──────── Records for this exercise ────────
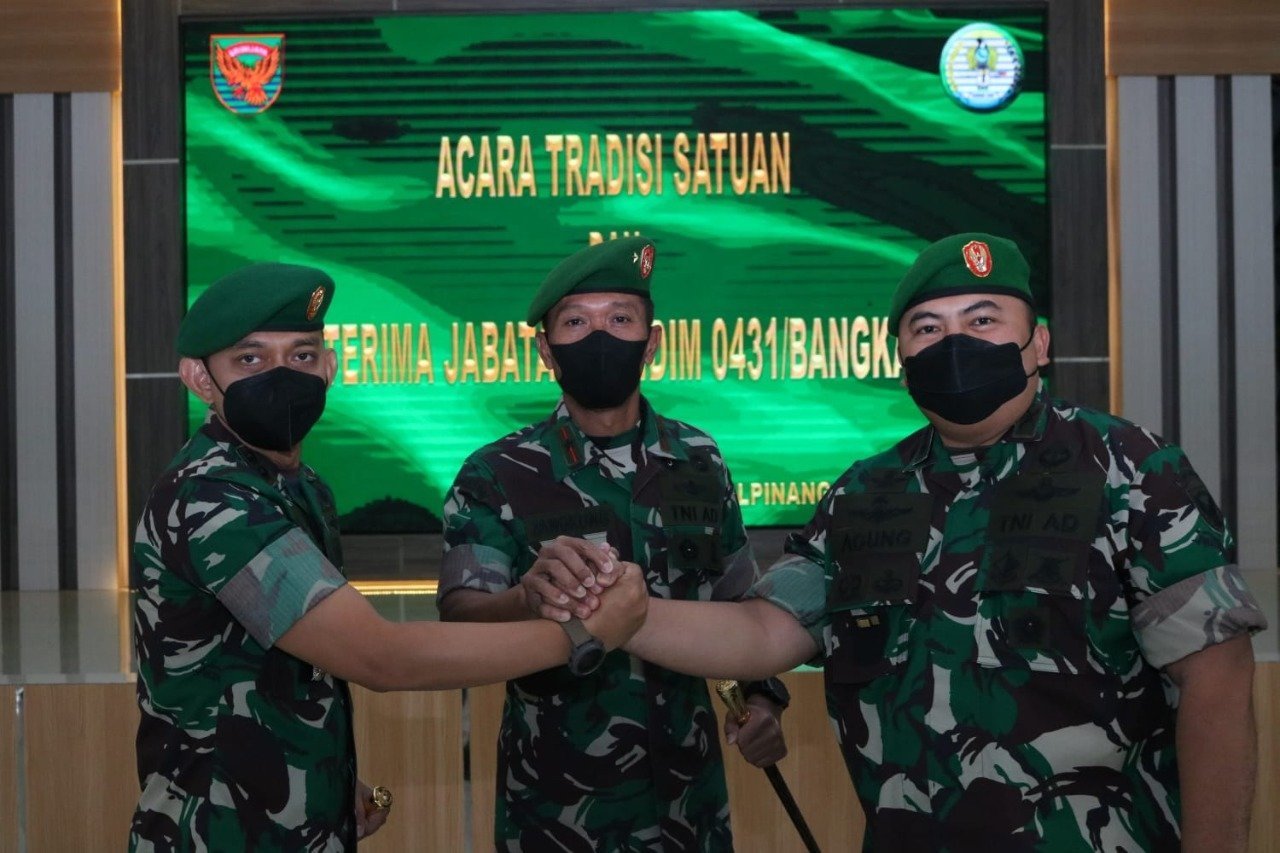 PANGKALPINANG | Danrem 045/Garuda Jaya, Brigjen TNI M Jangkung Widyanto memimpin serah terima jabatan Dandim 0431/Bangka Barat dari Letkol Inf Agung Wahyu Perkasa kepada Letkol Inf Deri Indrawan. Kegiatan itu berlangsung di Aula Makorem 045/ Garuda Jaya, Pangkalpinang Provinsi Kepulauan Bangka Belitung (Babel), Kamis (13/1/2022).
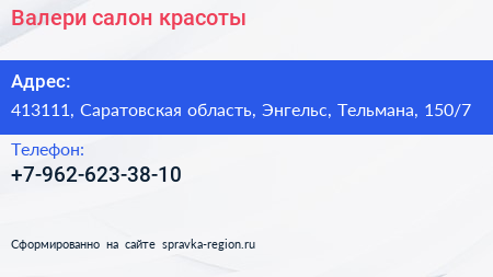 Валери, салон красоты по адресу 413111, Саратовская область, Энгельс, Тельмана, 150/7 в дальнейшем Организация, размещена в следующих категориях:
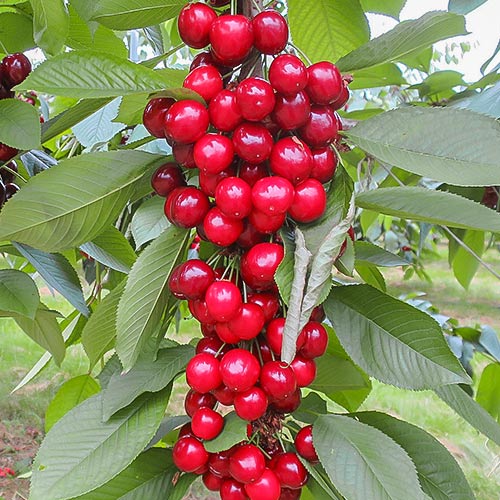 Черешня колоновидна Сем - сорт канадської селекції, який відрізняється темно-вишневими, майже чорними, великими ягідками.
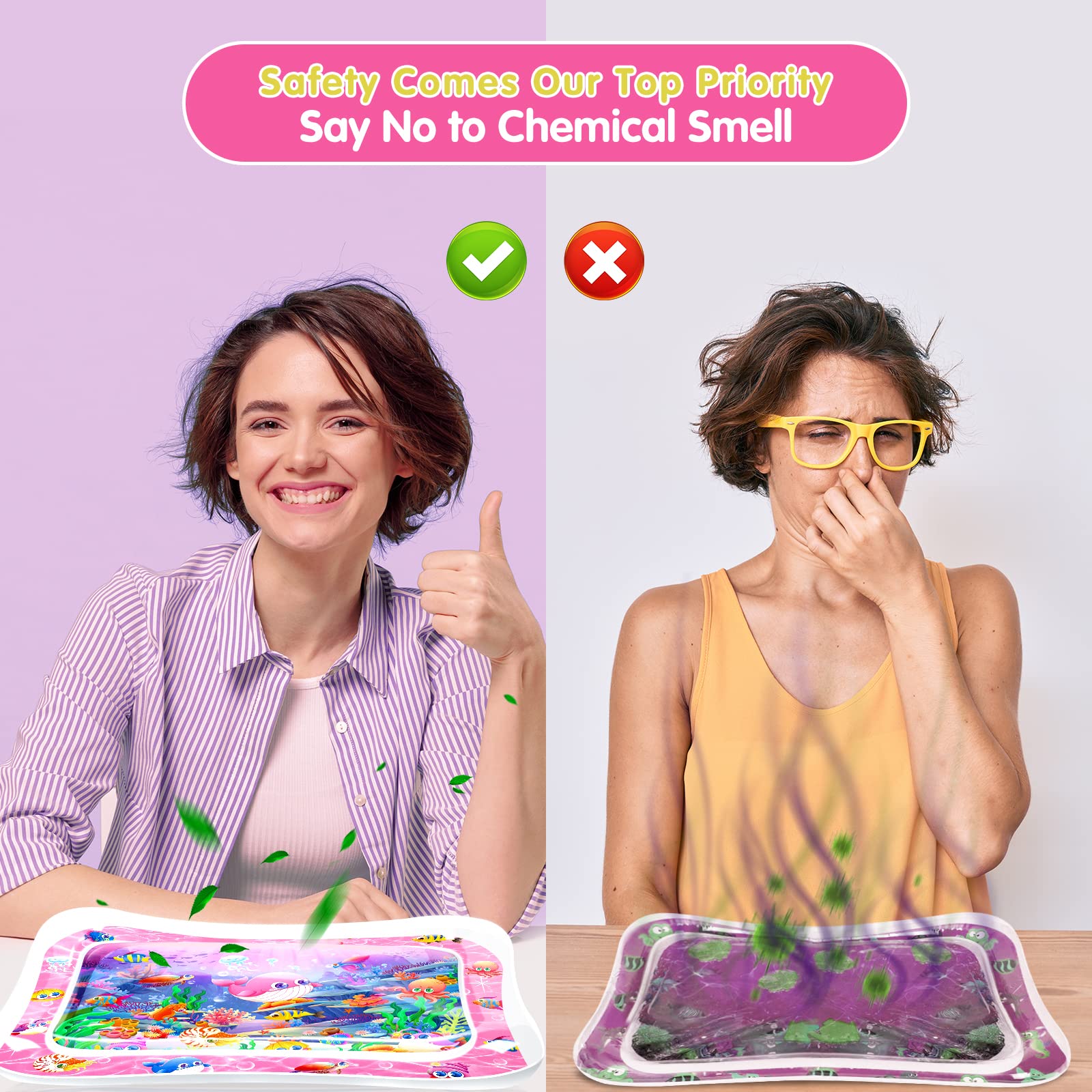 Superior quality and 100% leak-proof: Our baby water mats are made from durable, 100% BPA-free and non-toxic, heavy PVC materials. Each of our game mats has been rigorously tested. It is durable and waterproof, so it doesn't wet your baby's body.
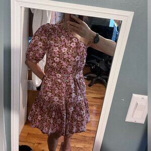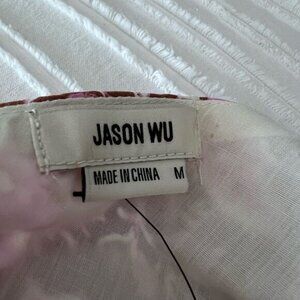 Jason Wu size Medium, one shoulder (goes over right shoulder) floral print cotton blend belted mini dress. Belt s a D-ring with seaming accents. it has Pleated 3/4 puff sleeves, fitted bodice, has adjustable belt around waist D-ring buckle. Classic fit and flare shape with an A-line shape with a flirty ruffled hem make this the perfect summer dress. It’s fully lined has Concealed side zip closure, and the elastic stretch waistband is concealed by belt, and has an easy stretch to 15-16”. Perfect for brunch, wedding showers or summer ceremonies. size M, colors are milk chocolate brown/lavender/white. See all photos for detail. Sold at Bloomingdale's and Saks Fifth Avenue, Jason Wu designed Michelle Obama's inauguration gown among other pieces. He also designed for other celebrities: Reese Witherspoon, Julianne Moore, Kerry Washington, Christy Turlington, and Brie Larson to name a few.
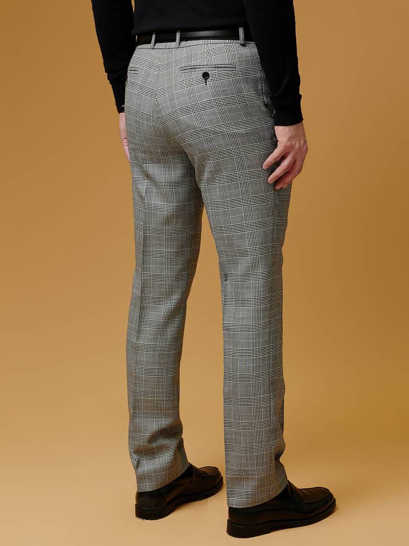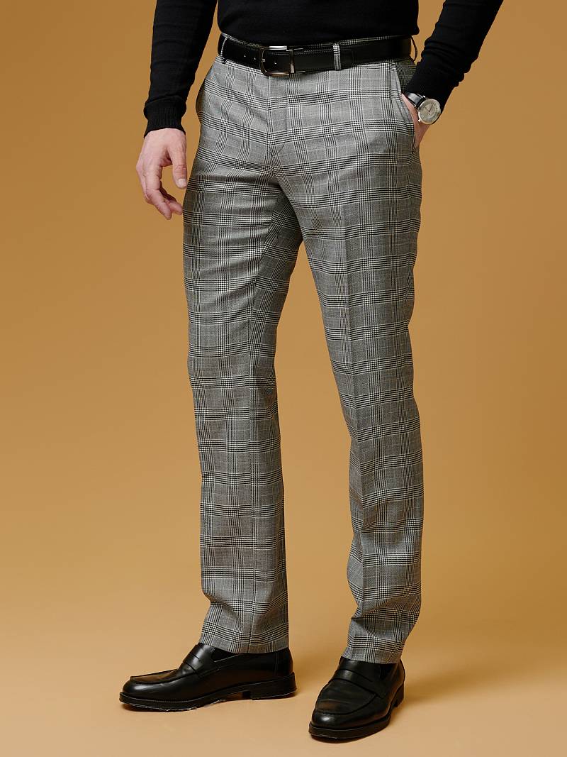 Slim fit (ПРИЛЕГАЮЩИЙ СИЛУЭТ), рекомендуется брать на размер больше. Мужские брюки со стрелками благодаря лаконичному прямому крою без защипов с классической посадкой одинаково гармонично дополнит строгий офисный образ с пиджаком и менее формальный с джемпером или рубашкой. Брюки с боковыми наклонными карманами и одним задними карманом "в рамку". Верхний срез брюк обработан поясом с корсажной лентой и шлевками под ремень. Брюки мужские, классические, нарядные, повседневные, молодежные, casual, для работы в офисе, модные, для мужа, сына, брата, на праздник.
────────
Requirement
Set down the entries shown above once more, exactly as they read, but without pictures.

Response to the task
 PANGKALPINANG | Danrem 045/Garuda Jaya, Brigjen TNI M Jangkung Widyanto memimpin serah terima jabatan Dandim 0431/Bangka Barat dari Letkol Inf Agung Wahyu Perkasa kepada Letkol Inf Deri Indrawan. Kegiatan itu berlangsung di Aula Makorem 045/ Garuda Jaya, Pangkalpinang Provinsi Kepulauan Bangka Belitung (Babel), Kamis (13/1/2022).
 Валери, салон красоты по адресу 413111, Саратовская область, Энгельс, Тельмана, 150/7 в дальнейшем Организация, размещена в следующих категориях:
 Черешня колоновидна Сем - сорт канадської селекції, який відрізняється темно-вишневими, майже чорними, великими ягідками.
 Superior quality and 100% leak-proof: Our baby water mats are made from durable, 100% BPA-free and non-toxic, heavy PVC materials. Each of our game mats has been rigorously tested. It is durable and waterproof, so it doesn't wet your baby's body.
 Jason Wu size Medium, one shoulder (goes over right shoulder) floral print cotton blend belted mini dress. Belt s a D-ring with seaming accents. it has Pleated 3/4 puff sleeves, fitted bodice, has adjustable belt around waist D-ring buckle. Classic fit and flare shape with an A-line shape with a flirty ruffled hem make this the perfect summer dress. It’s fully lined has Concealed side zip closure, and the elastic stretch waistband is concealed by belt, and has an easy stretch to 15-16”. Perfect for brunch, wedding showers or summer ceremonies. size M, colors are milk chocolate brown/lavender/white. See all photos for detail. Sold at Bloomingdale's and Saks Fifth Avenue, Jason Wu designed Michelle Obama's inauguration gown among other pieces. He also designed for other celebrities: Reese Witherspoon, Julianne Moore, Kerry Washington, Christy Turlington, and Brie Larson to name a few.
 Slim fit (ПРИЛЕГАЮЩИЙ СИЛУЭТ), рекомендуется брать на размер больше. Мужские брюки со стрелками благодаря лаконичному прямому крою без защипов с классической посадкой одинаково гармонично дополнит строгий офисный образ с пиджаком и менее формальный с джемпером или рубашкой. Брюки с боковыми наклонными карманами и одним задними карманом "в рамку". Верхний срез брюк обработан поясом с корсажной лентой и шлевками под ремень. Брюки мужские, классические, нарядные, повседневные, молодежные, casual, для работы в офисе, модные, для мужа, сына, брата, на праздник.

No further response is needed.